> [Prompt]: Within the records that follow, restate exactly the lines from the line with "Конечно, обычно посетители" down to the line with "台湾蓝鹊:体长64至65厘米", including both. Omit the pictures.
Record extracts: Begin
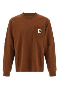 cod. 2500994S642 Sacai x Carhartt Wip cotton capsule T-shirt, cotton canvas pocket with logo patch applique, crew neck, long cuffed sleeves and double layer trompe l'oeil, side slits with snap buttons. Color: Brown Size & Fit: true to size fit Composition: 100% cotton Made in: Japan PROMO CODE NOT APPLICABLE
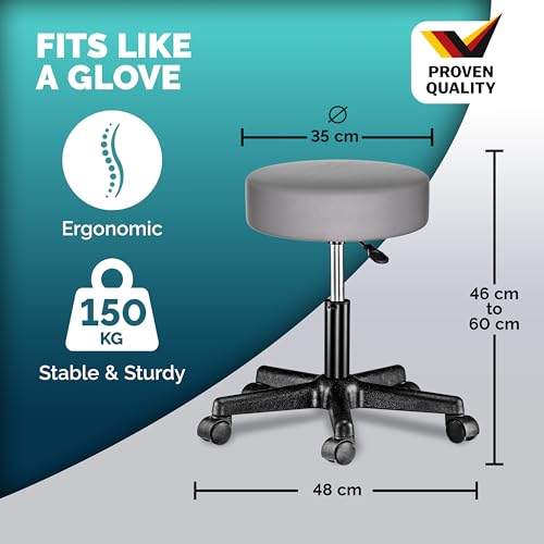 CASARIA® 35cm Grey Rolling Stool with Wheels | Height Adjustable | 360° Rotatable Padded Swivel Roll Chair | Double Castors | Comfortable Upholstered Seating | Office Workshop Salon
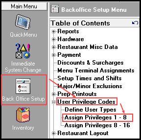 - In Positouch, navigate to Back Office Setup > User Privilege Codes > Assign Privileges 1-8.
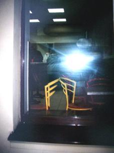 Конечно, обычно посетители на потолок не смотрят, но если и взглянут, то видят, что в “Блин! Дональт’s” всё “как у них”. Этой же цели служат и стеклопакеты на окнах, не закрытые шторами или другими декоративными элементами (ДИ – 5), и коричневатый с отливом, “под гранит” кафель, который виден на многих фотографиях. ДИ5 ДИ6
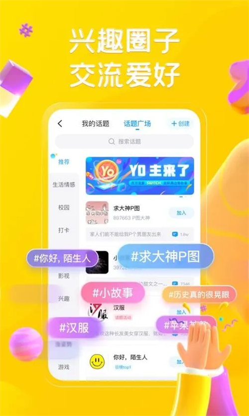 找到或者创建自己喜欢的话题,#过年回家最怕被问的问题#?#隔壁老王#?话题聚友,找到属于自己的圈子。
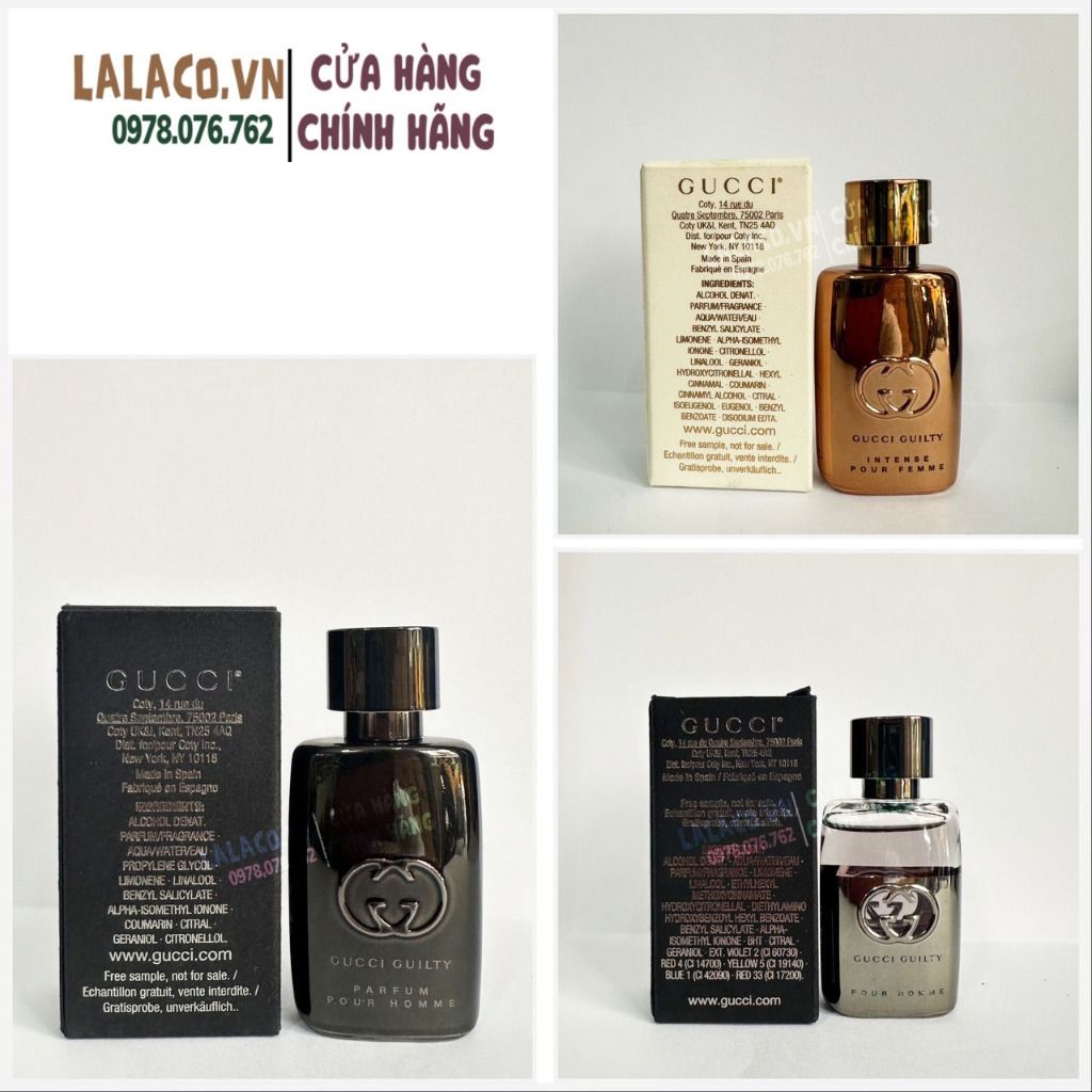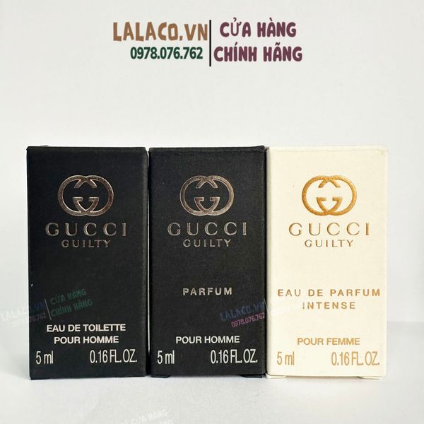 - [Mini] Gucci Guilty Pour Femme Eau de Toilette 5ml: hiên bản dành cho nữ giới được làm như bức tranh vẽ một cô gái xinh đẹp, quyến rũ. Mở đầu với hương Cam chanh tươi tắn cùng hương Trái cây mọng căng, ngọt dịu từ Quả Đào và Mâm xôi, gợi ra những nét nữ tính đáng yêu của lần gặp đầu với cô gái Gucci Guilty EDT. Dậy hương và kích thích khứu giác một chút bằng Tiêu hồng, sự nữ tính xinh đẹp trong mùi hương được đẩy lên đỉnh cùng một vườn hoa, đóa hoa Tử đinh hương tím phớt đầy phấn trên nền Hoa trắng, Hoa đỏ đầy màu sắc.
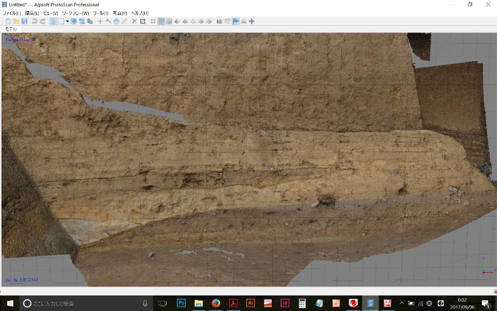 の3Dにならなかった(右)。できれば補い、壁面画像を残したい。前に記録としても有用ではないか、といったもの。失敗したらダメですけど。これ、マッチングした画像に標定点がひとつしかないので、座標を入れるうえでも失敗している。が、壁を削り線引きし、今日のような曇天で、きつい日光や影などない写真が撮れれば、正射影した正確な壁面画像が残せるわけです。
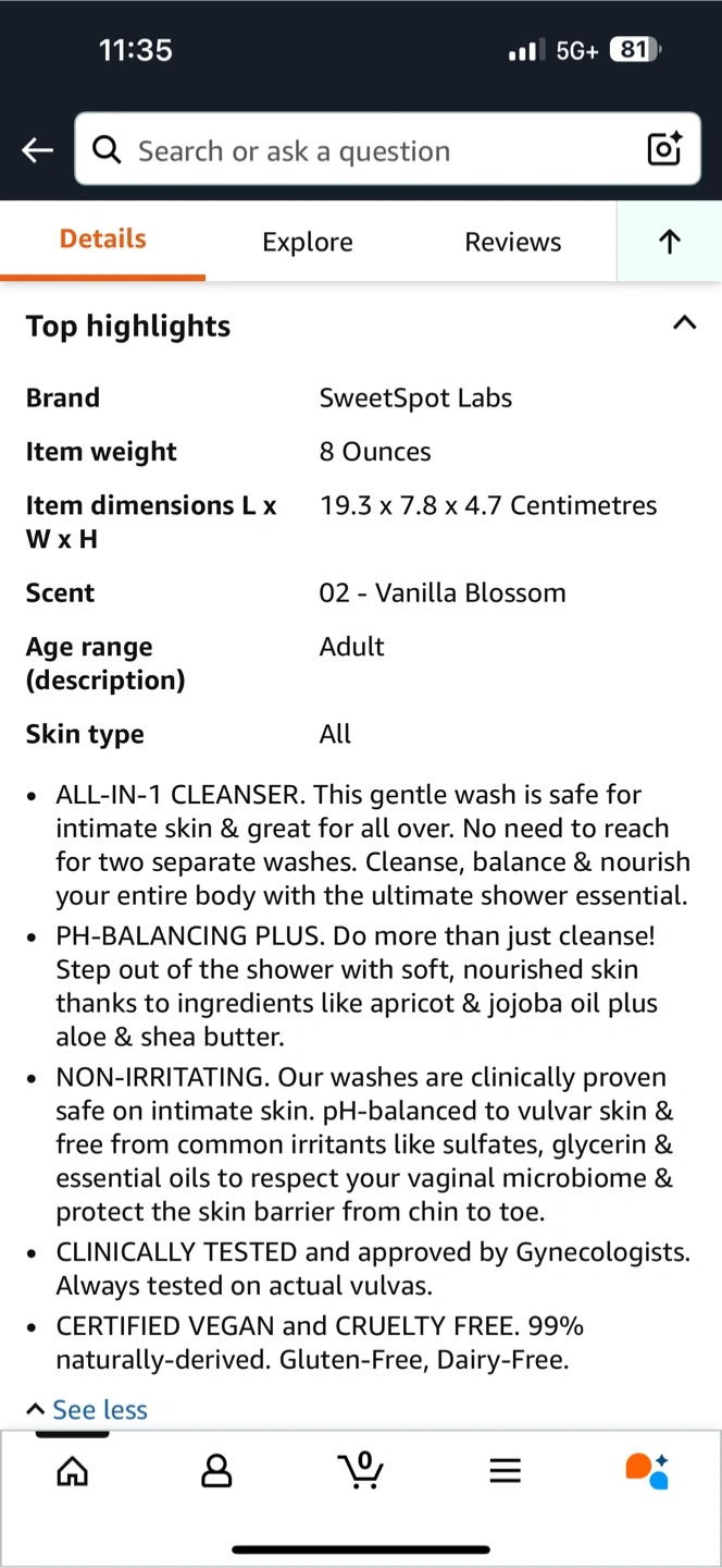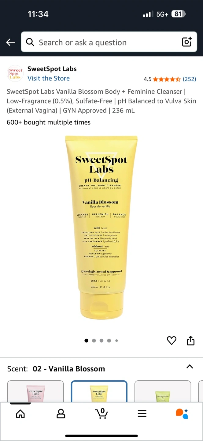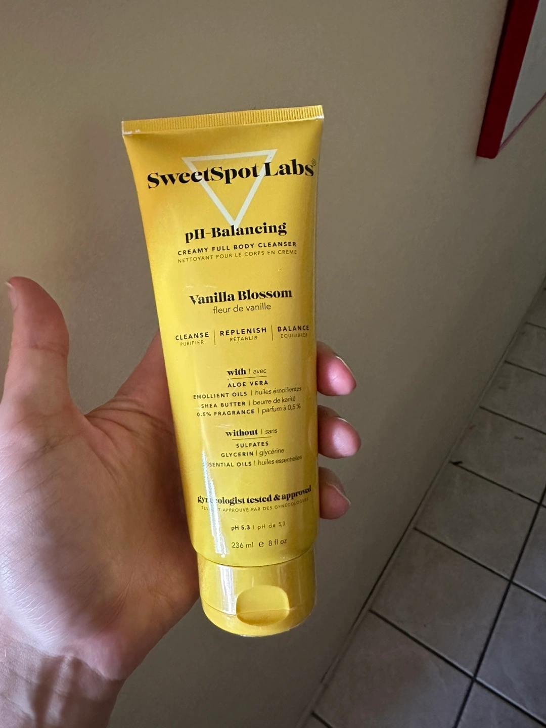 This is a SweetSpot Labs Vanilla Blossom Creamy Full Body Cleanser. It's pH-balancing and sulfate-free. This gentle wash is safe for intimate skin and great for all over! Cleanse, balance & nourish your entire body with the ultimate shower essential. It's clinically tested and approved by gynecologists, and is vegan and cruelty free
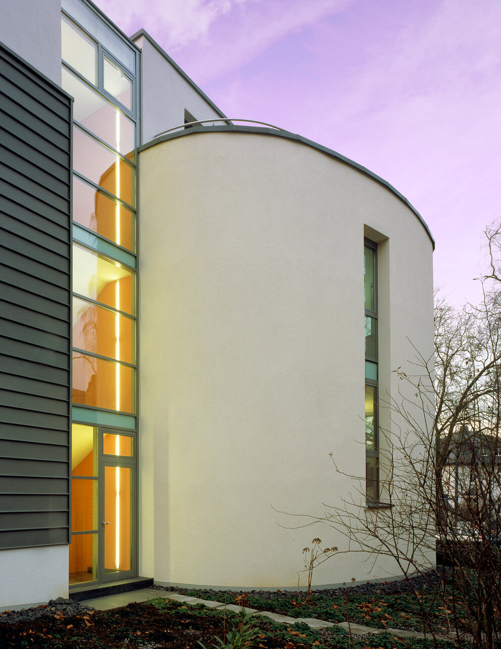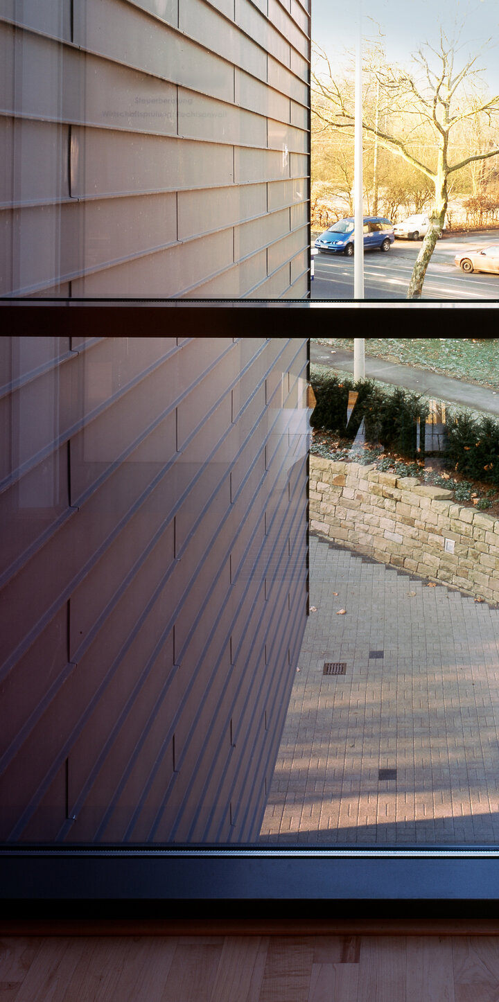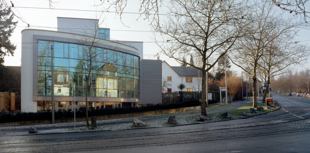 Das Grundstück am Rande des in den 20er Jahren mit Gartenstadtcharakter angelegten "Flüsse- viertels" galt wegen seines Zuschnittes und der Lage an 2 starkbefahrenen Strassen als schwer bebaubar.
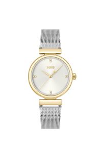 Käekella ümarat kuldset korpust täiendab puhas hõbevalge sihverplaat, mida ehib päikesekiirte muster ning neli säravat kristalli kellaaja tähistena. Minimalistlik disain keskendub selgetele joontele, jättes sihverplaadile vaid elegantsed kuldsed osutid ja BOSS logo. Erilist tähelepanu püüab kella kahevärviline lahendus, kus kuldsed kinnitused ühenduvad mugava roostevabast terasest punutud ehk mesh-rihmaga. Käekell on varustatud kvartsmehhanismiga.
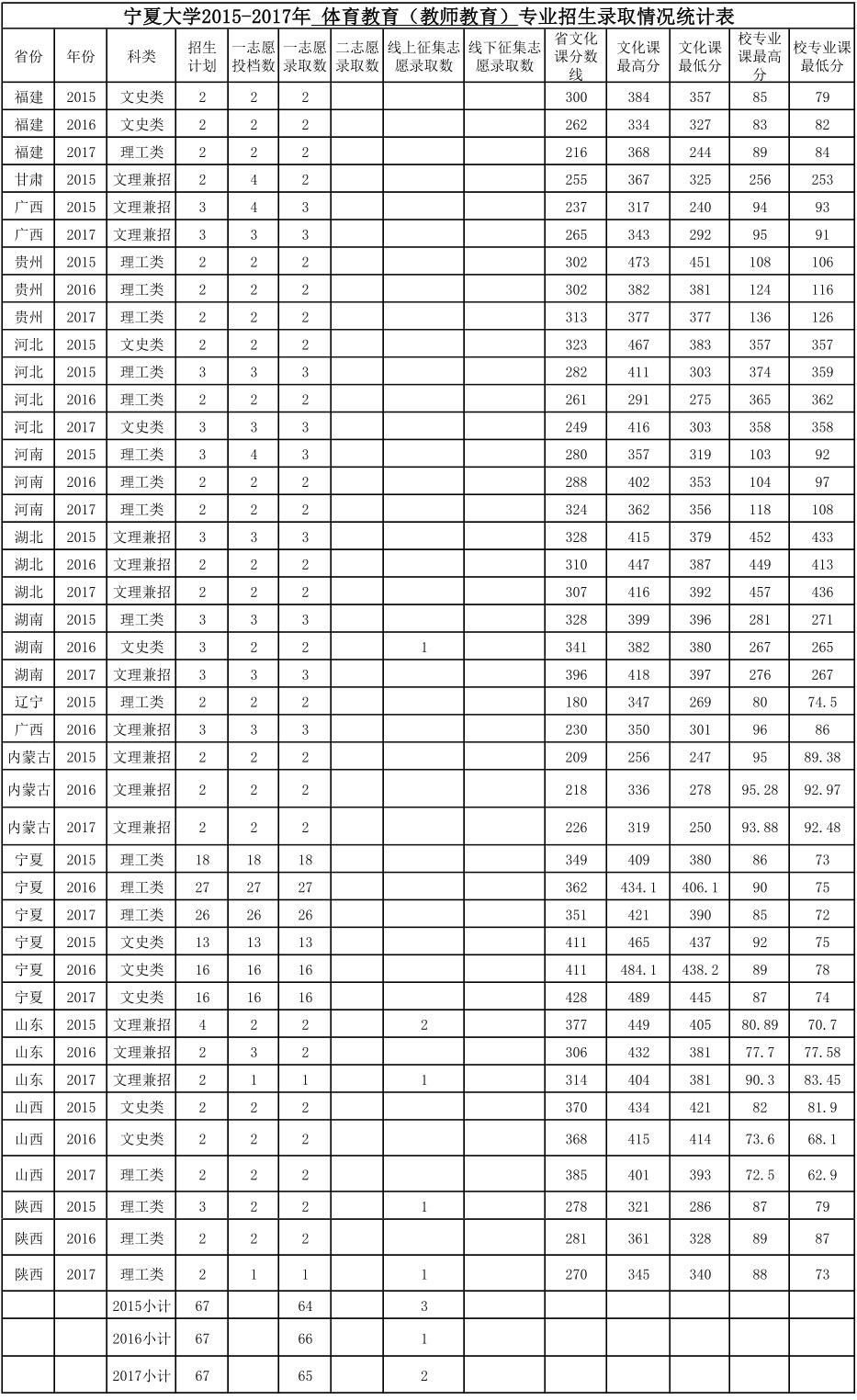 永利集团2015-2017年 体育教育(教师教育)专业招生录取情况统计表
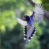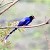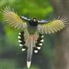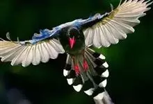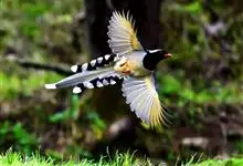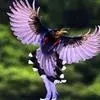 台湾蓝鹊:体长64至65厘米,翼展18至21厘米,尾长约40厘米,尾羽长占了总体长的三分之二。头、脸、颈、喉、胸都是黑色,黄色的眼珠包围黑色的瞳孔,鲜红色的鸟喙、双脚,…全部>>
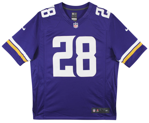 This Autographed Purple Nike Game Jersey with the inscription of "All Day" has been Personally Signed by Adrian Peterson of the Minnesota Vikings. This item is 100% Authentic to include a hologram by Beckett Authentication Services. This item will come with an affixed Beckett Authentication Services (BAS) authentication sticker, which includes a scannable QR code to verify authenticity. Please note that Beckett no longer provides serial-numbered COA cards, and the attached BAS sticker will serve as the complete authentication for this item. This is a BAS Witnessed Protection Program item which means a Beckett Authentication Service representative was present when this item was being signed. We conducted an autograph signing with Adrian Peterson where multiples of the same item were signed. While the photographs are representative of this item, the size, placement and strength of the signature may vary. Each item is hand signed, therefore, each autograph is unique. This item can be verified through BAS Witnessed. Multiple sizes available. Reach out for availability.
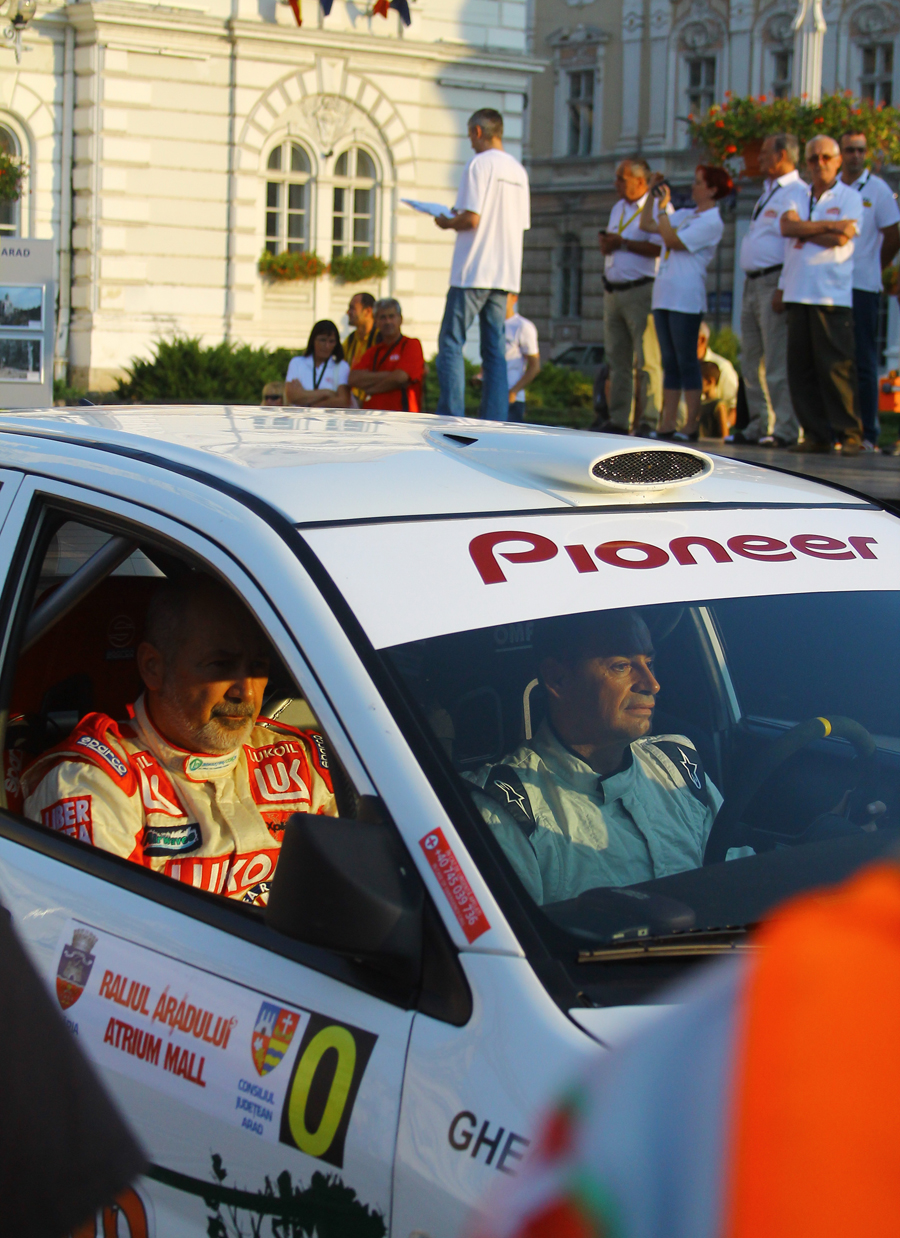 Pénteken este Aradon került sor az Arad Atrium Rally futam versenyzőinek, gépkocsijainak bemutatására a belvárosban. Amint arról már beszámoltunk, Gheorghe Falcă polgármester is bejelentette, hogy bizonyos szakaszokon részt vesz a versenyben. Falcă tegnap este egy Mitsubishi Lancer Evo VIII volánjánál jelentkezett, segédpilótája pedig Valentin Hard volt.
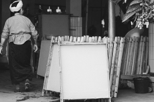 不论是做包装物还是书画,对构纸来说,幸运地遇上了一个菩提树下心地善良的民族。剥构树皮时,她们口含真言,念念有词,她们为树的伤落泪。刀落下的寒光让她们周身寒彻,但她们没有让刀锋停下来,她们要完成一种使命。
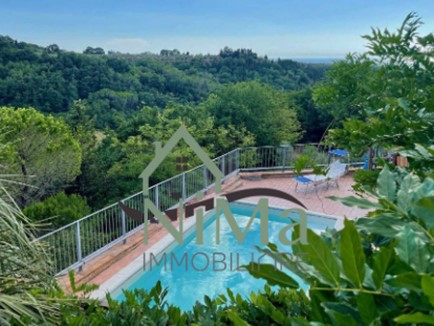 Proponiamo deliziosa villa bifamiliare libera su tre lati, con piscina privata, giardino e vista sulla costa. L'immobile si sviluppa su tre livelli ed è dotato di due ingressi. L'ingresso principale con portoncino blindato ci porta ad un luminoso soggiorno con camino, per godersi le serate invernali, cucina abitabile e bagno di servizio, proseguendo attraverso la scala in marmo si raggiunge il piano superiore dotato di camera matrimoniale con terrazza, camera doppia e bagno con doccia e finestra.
Record extracts: End
> [Exercise answer]:
 Конечно, обычно посетители на потолок не смотрят, но если и взглянут, то видят, что в “Блин! Дональт’s” всё “как у них”. Этой же цели служат и стеклопакеты на окнах, не закрытые шторами или другими декоративными элементами (ДИ – 5), и коричневатый с отливом, “под гранит” кафель, который виден на многих фотографиях. ДИ5 ДИ6
 找到或者创建自己喜欢的话题,#过年回家最怕被问的问题#?#隔壁老王#?话题聚友,找到属于自己的圈子。
 - [Mini] Gucci Guilty Pour Femme Eau de Toilette 5ml: hiên bản dành cho nữ giới được làm như bức tranh vẽ một cô gái xinh đẹp, quyến rũ. Mở đầu với hương Cam chanh tươi tắn cùng hương Trái cây mọng căng, ngọt dịu từ Quả Đào và Mâm xôi, gợi ra những nét nữ tính đáng yêu của lần gặp đầu với cô gái Gucci Guilty EDT. Dậy hương và kích thích khứu giác một chút bằng Tiêu hồng, sự nữ tính xinh đẹp trong mùi hương được đẩy lên đỉnh cùng một vườn hoa, đóa hoa Tử đinh hương tím phớt đầy phấn trên nền Hoa trắng, Hoa đỏ đầy màu sắc.
 の3Dにならなかった(右)。できれば補い、壁面画像を残したい。前に記録としても有用ではないか、といったもの。失敗したらダメですけど。これ、マッチングした画像に標定点がひとつしかないので、座標を入れるうえでも失敗している。が、壁を削り線引きし、今日のような曇天で、きつい日光や影などない写真が撮れれば、正射影した正確な壁面画像が残せるわけです。
 This is a SweetSpot Labs Vanilla Blossom Creamy Full Body Cleanser. It's pH-balancing and sulfate-free. This gentle wash is safe for intimate skin and great for all over! Cleanse, balance & nourish your entire body with the ultimate shower essential. It's clinically tested and approved by gynecologists, and is vegan and cruelty free
 Das Grundstück am Rande des in den 20er Jahren mit Gartenstadtcharakter angelegten "Flüsse- viertels" galt wegen seines Zuschnittes und der Lage an 2 starkbefahrenen Strassen als schwer bebaubar.
 Käekella ümarat kuldset korpust täiendab puhas hõbevalge sihverplaat, mida ehib päikesekiirte muster ning neli säravat kristalli kellaaja tähistena. Minimalistlik disain keskendub selgetele joontele, jättes sihverplaadile vaid elegantsed kuldsed osutid ja BOSS logo. Erilist tähelepanu püüab kella kahevärviline lahendus, kus kuldsed kinnitused ühenduvad mugava roostevabast terasest punutud ehk mesh-rihmaga. Käekell on varustatud kvartsmehhanismiga.
 永利集团2015-2017年 体育教育(教师教育)专业招生录取情况统计表
 台湾蓝鹊:体长64至65厘米,翼展18至21厘米,尾长约40厘米,尾羽长占了总体长的三分之二。头、脸、颈、喉、胸都是黑色,黄色的眼珠包围黑色的瞳孔,鲜红色的鸟喙、双脚,…全部>>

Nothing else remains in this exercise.